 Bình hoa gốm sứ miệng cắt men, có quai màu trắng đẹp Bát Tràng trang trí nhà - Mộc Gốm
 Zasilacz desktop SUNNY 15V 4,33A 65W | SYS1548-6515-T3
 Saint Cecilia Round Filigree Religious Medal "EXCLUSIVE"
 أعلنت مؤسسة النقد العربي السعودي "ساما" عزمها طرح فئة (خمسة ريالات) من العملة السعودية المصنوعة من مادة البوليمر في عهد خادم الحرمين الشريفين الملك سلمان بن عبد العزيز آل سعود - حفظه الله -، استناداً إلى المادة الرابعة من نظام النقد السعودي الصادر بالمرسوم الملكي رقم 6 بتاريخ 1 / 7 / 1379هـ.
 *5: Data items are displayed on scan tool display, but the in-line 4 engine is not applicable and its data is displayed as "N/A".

· · · · ·

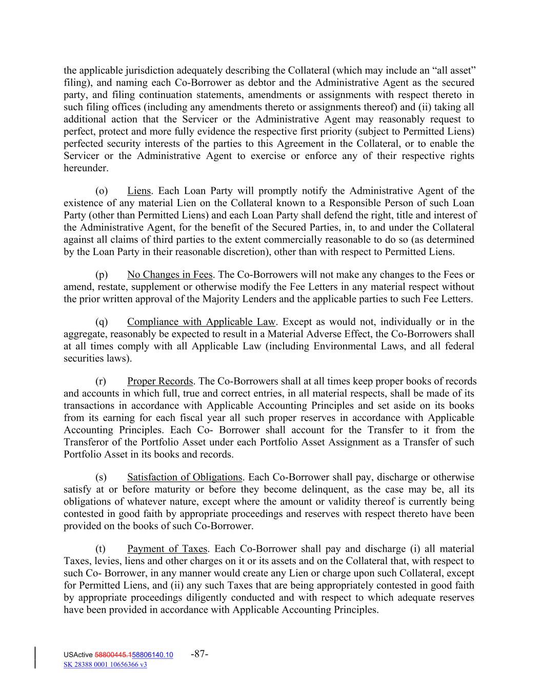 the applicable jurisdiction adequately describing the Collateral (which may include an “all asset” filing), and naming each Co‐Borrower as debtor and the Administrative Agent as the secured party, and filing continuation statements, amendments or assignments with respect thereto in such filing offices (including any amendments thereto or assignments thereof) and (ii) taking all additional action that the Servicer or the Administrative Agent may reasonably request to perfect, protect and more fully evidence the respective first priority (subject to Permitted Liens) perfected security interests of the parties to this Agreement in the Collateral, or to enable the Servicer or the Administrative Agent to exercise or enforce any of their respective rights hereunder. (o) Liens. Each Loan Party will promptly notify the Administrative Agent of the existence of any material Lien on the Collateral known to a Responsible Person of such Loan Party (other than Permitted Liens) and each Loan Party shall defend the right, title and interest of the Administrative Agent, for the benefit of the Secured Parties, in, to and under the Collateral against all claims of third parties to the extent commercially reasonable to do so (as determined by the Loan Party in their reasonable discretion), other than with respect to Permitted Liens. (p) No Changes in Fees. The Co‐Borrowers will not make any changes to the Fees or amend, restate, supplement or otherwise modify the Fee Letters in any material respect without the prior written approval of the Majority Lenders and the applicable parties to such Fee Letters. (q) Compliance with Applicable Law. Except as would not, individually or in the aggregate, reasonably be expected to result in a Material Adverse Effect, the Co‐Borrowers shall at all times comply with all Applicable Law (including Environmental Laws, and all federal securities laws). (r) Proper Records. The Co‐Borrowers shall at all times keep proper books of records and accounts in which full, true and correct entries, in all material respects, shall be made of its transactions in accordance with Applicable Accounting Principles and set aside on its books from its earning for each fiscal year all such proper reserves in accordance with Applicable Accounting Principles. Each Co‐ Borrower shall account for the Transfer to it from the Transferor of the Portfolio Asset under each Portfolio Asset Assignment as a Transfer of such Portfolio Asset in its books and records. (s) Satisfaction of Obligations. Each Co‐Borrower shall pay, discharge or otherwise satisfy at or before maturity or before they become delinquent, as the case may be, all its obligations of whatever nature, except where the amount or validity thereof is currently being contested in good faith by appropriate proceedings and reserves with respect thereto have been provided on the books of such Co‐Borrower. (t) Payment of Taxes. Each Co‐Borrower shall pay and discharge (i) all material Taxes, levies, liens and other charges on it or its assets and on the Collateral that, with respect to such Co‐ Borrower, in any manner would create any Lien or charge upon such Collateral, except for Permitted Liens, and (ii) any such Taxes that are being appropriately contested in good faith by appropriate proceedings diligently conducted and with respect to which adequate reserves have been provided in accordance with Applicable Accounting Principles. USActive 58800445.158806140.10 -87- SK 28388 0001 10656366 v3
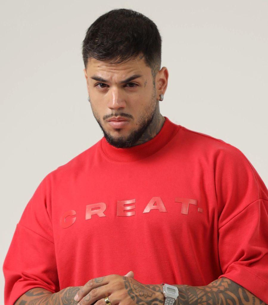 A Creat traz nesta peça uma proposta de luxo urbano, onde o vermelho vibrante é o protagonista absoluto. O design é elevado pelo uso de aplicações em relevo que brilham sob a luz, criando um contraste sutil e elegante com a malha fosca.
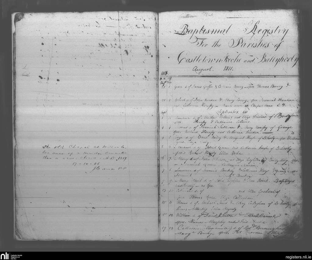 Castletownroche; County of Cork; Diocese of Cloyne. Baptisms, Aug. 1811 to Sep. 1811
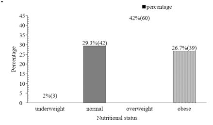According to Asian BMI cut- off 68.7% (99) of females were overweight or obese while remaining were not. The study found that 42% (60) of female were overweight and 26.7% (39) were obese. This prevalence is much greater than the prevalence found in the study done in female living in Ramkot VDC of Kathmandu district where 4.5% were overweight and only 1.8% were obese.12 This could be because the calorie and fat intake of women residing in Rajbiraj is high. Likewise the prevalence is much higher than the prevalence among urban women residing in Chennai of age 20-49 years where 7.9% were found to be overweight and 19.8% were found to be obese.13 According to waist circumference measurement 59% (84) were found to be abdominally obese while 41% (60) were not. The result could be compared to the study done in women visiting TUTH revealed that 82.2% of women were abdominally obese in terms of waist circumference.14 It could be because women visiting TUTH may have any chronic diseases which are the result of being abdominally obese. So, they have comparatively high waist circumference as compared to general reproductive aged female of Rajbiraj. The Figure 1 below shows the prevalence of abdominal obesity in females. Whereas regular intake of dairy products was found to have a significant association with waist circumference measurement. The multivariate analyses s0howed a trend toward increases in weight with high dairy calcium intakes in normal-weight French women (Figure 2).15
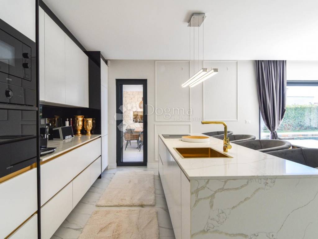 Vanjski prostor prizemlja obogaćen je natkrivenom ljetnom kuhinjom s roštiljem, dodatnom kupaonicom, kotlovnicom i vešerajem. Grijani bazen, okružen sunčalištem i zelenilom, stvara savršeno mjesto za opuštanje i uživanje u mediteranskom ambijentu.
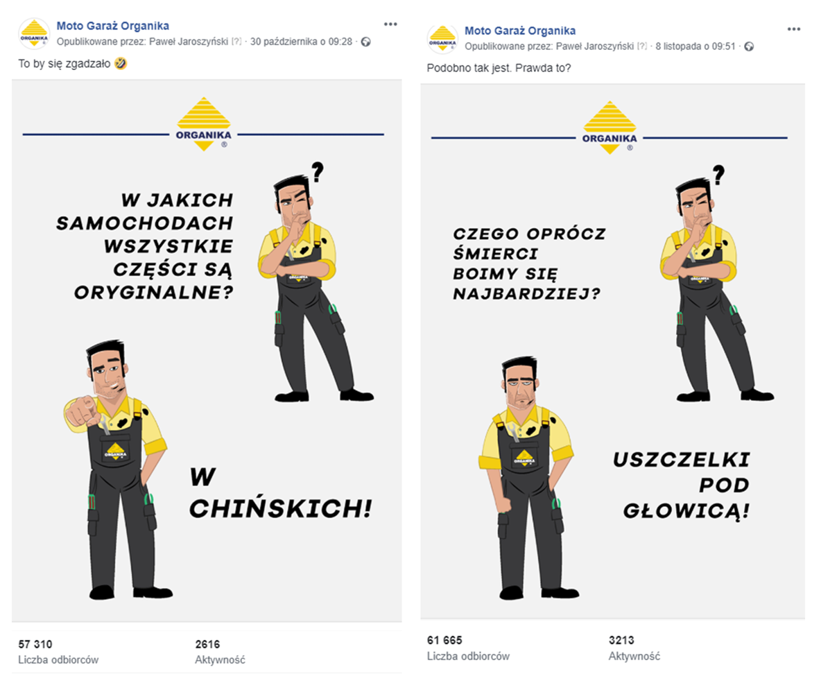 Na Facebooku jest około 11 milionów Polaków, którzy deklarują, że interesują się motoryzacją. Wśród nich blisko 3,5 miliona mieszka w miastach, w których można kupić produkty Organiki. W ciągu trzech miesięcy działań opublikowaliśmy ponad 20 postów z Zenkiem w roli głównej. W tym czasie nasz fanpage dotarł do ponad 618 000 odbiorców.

· · · · ·

** Exercise details **
Give back the exact lines above, running from the one that has "A Creat traz" through the one that has "Castletownroche; County of", with nothing added and no pictures.

** Task answer **
 A Creat traz nesta peça uma proposta de luxo urbano, onde o vermelho vibrante é o protagonista absoluto. O design é elevado pelo uso de aplicações em relevo que brilham sob a luz, criando um contraste sutil e elegante com a malha fosca.
 Castletownroche; County of Cork; Diocese of Cloyne. Baptisms, Aug. 1811 to Sep. 1811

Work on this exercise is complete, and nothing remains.